Below are subjects that are within the universe of discourse by default: [...]

Subjects modified with additional information, such as この / その / あの, 今日の, etc (because this additional phrasing introduces it first). [...]

「あの牛は草を食べている。」 (「あの」 introduces 「牛」 into the universe of discourse. If が were used here, it would be exhaustive-listing [...], which would be a rare case.)

Based on the above, my understanding is that a sentence like「牛草を食べている。」is valid as neutral description only because the noun 牛 isn't modified by anything. (See this for "neutral description"). However, when 牛 is modified, there are cases where neutral description isn't normally achieved by が.
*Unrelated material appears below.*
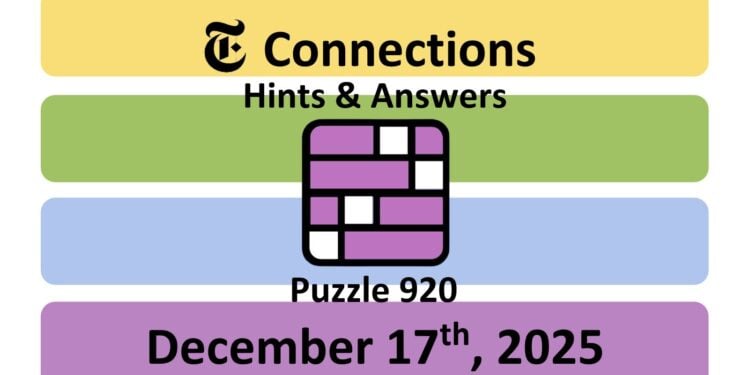 Here are the answers for the NYT Connections puzzle #920 today, released on December 17th, 2025, and some hints to help you solve them.

This is also discussed here (answer by user4092) where zero-particle (φ) is presented as the natural choice for neutral description when the noun being described is modified by この / その / これ / それ.

I still have a few doubts regarding non-deictic modifiers and differences to do with politeness levels.

Which option is the best to express neutral description in the following sentences?

  1. あの牛 (が? / は? /φ?) 草を食べている。(deictic - the speaker is pointing at the cow)

  2. あそこにいる牛 (が? / は? /φ?) 草を食べている。(deictic in noun-modifying clause)

  3. 白い牛 (が? / は? /φ?) 草を食べている。(non-deictic modifier).

-For those cases where the zero particle φ is the best choice in daily informal conversation, please also indicate whether φ would be kept in formal writing, or whether a different particle would be chosen.

-(optional) I'd also appreciate a comment on whether the number of cows in the field - one VS many - would affect the choice of the particle, while still aiming at neutral description (no focus, no contrast).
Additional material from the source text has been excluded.